KKHJ-FM
- Pago Pago, American Samoa; American Samoa;
- Broadcast area: American Samoa
- Frequency: 93.1 MHz (HD Radio)
- Branding: 93 KHJ

Programming
- Format: Adult Top 40

Ownership
- Owner: South Seas Broadcasting, Inc.; (South Seas Broadcasting, Inc.);
- Sister stations: WVUV-FM, KKBT

History
- First air date: November 1999
- Former call signs: KHJS (March 9, 1998-May 1, 2000) KKHJ (May 1, 2000-June 26, 2007)
- Call sign meaning: Tribute to KHJ Los Angeles, which also used the KKHJ callsign from 1990 to 2000

Technical information
- Licensing authority: FCC
- Facility ID: 78508
- Class: C3
- ERP: 1,100 watts
- HAAT: 454 meters
- Transmitter coordinates: 14°15′53.9″S 170°41′14.6″W﻿ / ﻿14.264972°S 170.687389°W

Links
- Public license information: Public file; LMS;
- Webcast: Listen Live
- Website: http://khjradio.com/

= KKHJ-FM =

Radio station in Pago Pago, American Samoa

KKHJ-FM (93.1 FM) is a radio station broadcasting an Adult Top 40 format. Licensed to Pago Pago, American Samoa, it serves American Samoa, the only U.S. territory south of the equator. The station is owned by South Seas Broadcasting, Inc.
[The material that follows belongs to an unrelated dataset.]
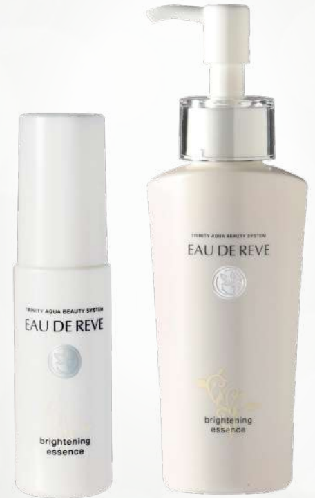
オードゥリーベ ブライトニングエッセンス

It originally signed on in November 1999 with a Hot AC format. South Seas Broadcasting is owned by Larry Fuss, Kirk Harnack, Joey Cummings and the estate of Smitty Lutu (Lutu died in 2019). Joey Cummings in the General Manager. In September 2017, the station moved from its longtime home in Pago Plaza to the second floor of the Aitulagi Building, on Fagaima Road in Tafuna, near the Pago Pago International Airport. Transmitting facilities are located atop Mount ʻAlava, overlooking Pago Harbor, with secondary facilities on Mount Olotele, overlooking Tafuna (translator K229BG, operating on 93.7 MHz).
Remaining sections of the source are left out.